Animal rights advocates like Taylor and Stein argue that having scientists regulate scientists is a fatal flaw: Taylor points to a case in 2010 as an example of how research took precedence over ethical concerns. A Canadian research team led by professor Jeffrey Mogil at McGill University videotaped the facial expressions of mice experiencing 14 different pain-inducing procedures to understand how the animal expressed pain. Tails were immersed in hot water, mice were injected with mustard or acetic acid, and nerves were damaged via surgery without anesthesia. When the study was published May 2010 in Nature Methods, a prestigious scientific journal, animal rights advocates complained, calling the work “frivolous,” “unnecessary,” and “unethical.”
The CCAC defended the study, claiming that it provided insight into how mice expressed feelings of pain, and could be useful in assessing mouse welfare. But for Taylor, the fact that this study could have passed an ethics review was both laughable and deeply disappointing.
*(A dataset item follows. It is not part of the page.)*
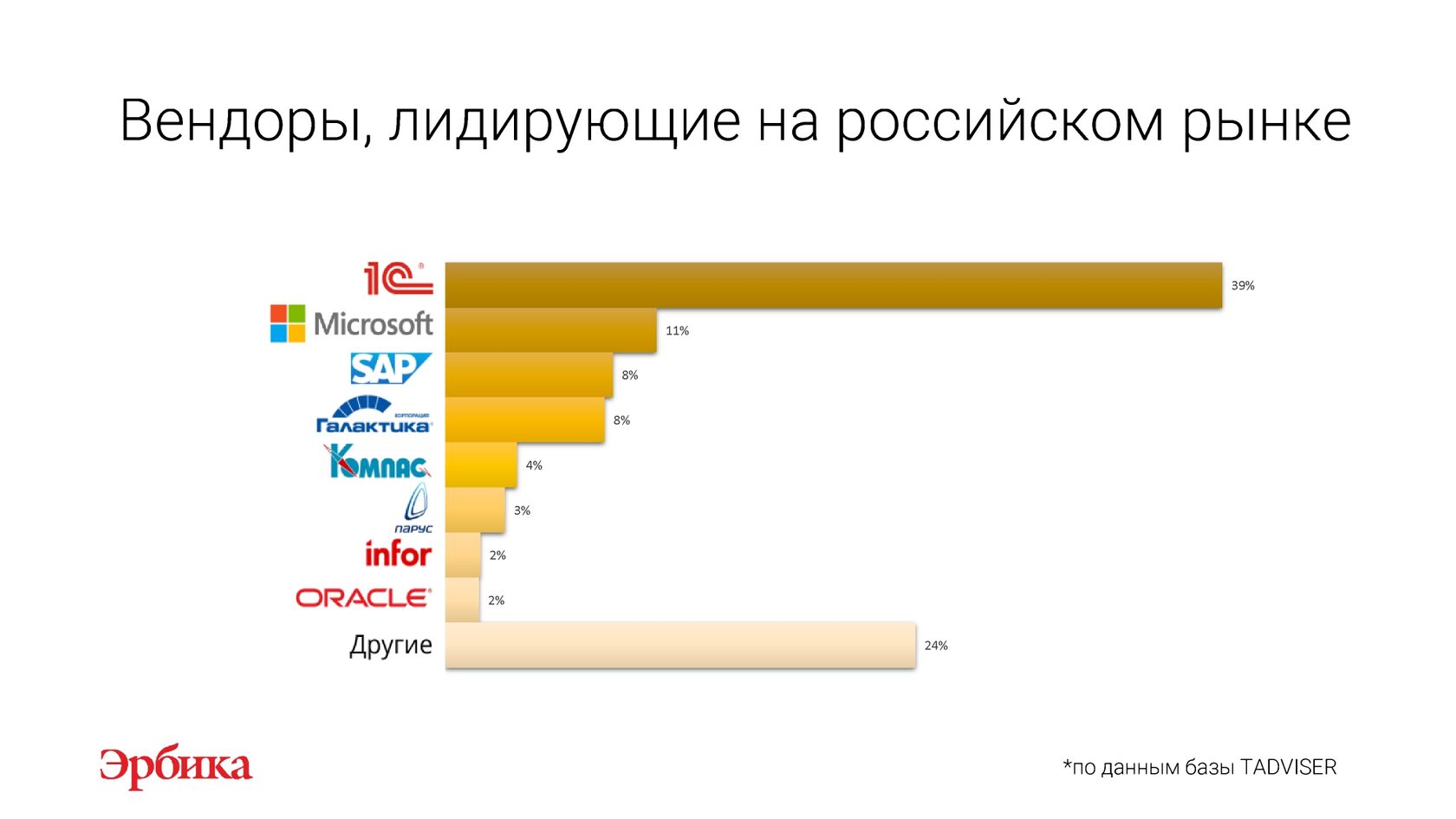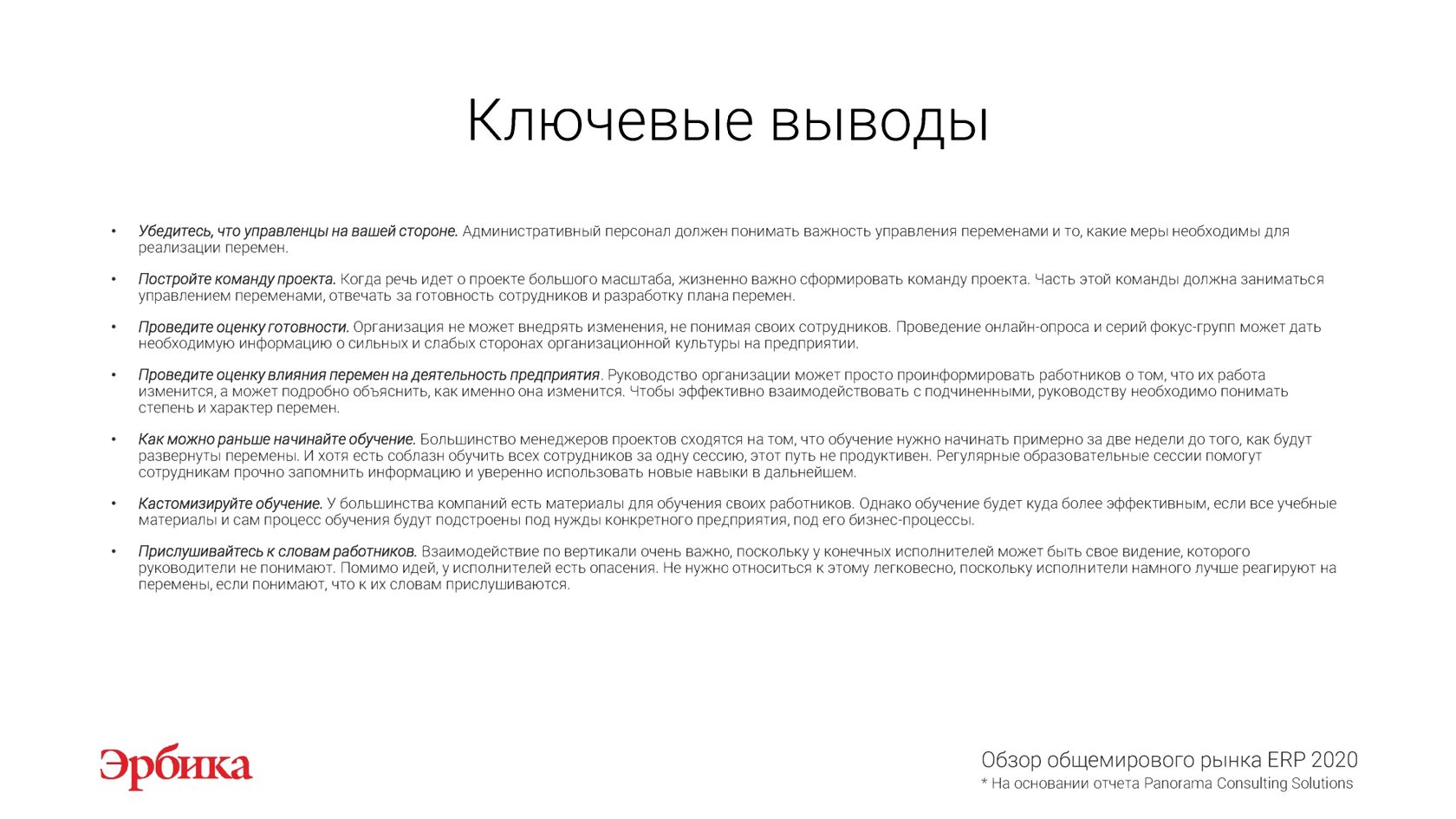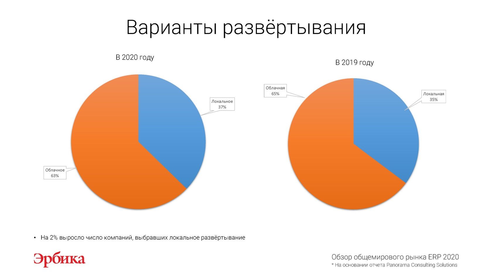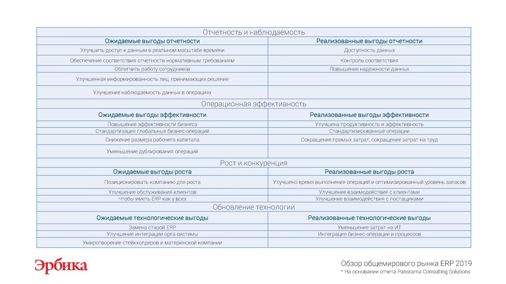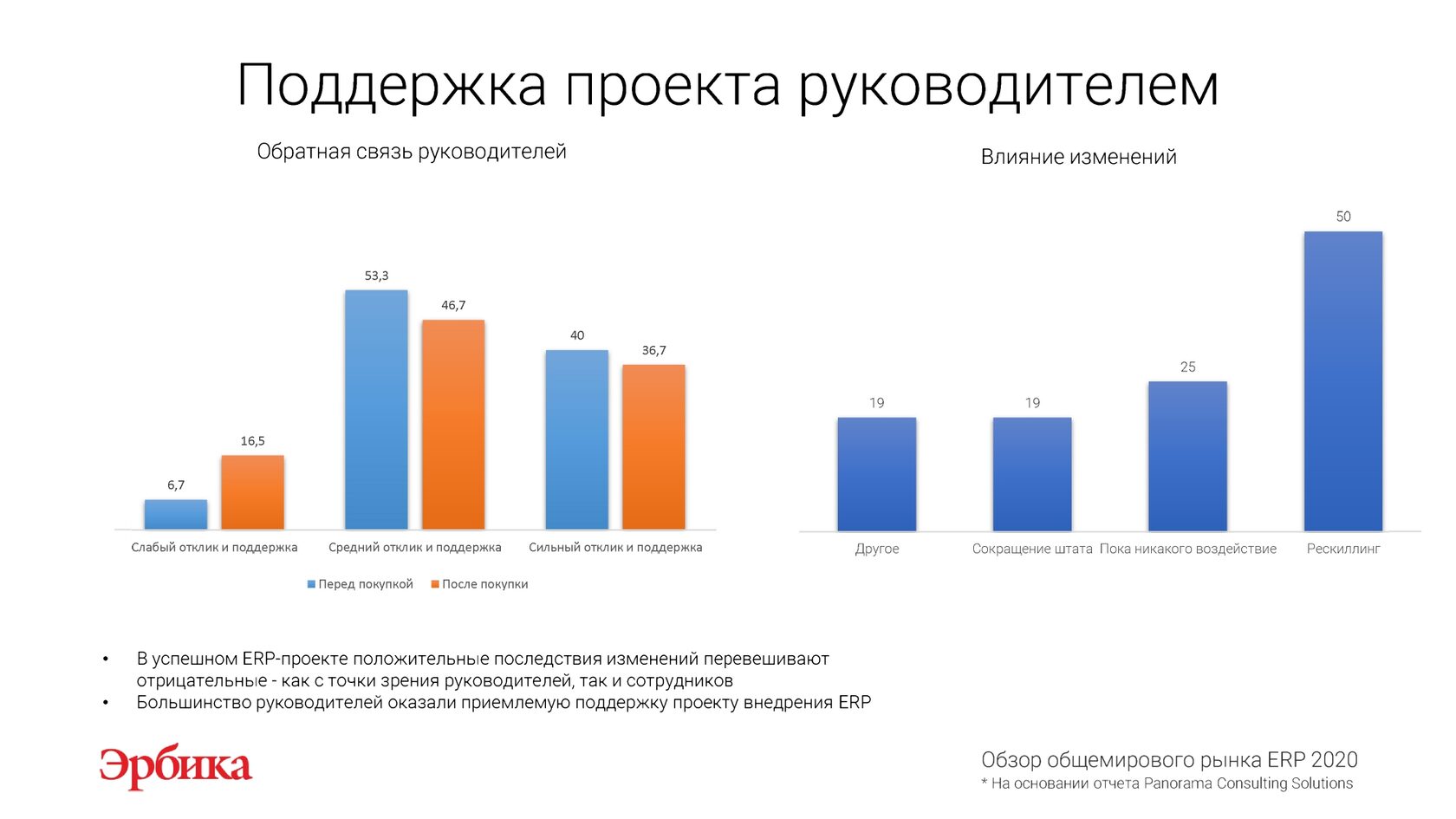 На основании отчета "Обзор рынка ERP 2020" международной исследовательской компании Panorama Consulting Solutions

“These types of experiments have no value or merit to it, it has no impact on improving human lives. Anyone could have seen that. Just because something hasn’t been done before doesn’t mean it’s truly worth doing,” Taylor said. “But of course scientists would defend it — people who volunteer to be on these committees are those who actually have a stake in scientific research and they’d want to protect that. If the public knew more about how animal research was done and could be more involved in the process, things like this would never happen.”
In order for change to take place, Taylor feels that the push has to come from within scientific circles. It’s a sentiment echoed by Stein, who believes that the reason animal experimentation remains so heavily used is due to institutional inertia: the more people there are doing things a certain way, the harder it becomes to drive change.
“It’s a lot easier to keep with the 1950s standards, because it’s hard to change, but it’s possible to modernize biology,” Stein says. “When we turn our attention to efficiency and alternatives, the world changes. It just takes a certain number of people wanting to move in that direction to make it happen.”